Exercise description:
Leaving out all pictures, restate word for word the lines from the one with "河北恒海管道设备制造有限公司" through the last line of the entries.

....

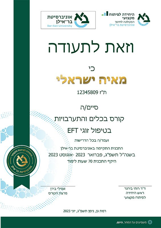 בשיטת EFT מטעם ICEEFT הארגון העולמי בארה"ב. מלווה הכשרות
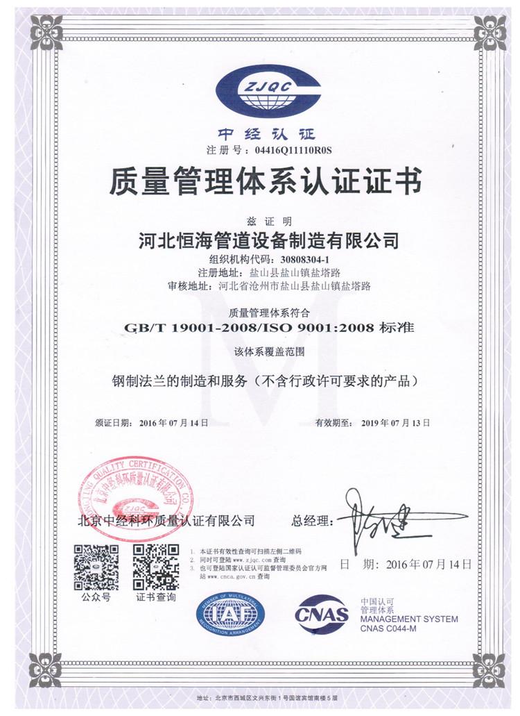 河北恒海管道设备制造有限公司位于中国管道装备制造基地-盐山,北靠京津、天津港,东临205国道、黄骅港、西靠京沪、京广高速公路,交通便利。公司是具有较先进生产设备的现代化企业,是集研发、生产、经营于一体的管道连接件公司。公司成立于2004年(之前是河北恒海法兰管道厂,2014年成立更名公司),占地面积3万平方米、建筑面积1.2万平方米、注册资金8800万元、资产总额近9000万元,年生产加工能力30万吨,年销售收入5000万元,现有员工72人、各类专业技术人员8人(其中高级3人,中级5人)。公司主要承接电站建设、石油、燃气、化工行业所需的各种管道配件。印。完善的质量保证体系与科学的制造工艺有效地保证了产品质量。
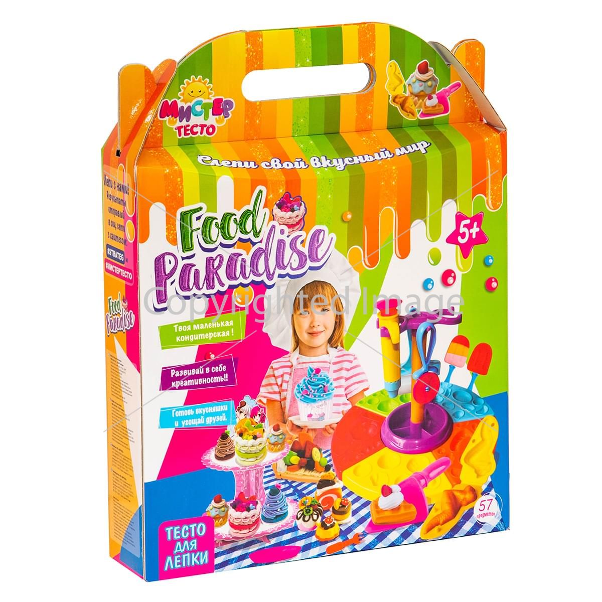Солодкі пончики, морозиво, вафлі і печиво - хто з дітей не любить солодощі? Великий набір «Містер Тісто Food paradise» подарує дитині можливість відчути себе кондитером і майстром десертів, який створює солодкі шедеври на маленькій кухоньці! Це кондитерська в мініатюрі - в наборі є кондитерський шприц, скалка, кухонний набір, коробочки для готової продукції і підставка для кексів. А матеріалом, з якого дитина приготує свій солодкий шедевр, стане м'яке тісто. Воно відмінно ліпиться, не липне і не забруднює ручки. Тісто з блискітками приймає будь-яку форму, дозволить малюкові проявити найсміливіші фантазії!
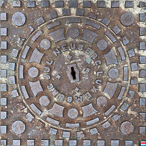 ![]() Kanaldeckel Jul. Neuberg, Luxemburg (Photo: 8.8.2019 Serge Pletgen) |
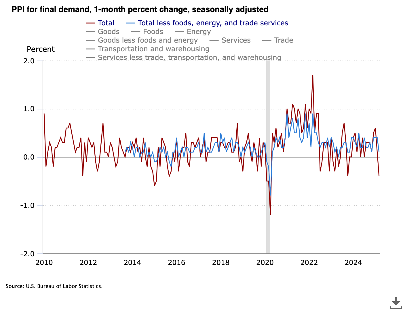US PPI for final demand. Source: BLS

....

The answer:
 河北恒海管道设备制造有限公司位于中国管道装备制造基地-盐山,北靠京津、天津港,东临205国道、黄骅港、西靠京沪、京广高速公路,交通便利。公司是具有较先进生产设备的现代化企业,是集研发、生产、经营于一体的管道连接件公司。公司成立于2004年(之前是河北恒海法兰管道厂,2014年成立更名公司),占地面积3万平方米、建筑面积1.2万平方米、注册资金8800万元、资产总额近9000万元,年生产加工能力30万吨,年销售收入5000万元,现有员工72人、各类专业技术人员8人(其中高级3人,中级5人)。公司主要承接电站建设、石油、燃气、化工行业所需的各种管道配件。印。完善的质量保证体系与科学的制造工艺有效地保证了产品质量。
Солодкі пончики, морозиво, вафлі і печиво - хто з дітей не любить солодощі? Великий набір «Містер Тісто Food paradise» подарує дитині можливість відчути себе кондитером і майстром десертів, який створює солодкі шедеври на маленькій кухоньці! Це кондитерська в мініатюрі - в наборі є кондитерський шприц, скалка, кухонний набір, коробочки для готової продукції і підставка для кексів. А матеріалом, з якого дитина приготує свій солодкий шедевр, стане м'яке тісто. Воно відмінно ліпиться, не липне і не забруднює ручки. Тісто з блискітками приймає будь-яку форму, дозволить малюкові проявити найсміливіші фантазії!
 ![]() Kanaldeckel Jul. Neuberg, Luxemburg (Photo: 8.8.2019 Serge Pletgen) |
US PPI for final demand. Source: BLS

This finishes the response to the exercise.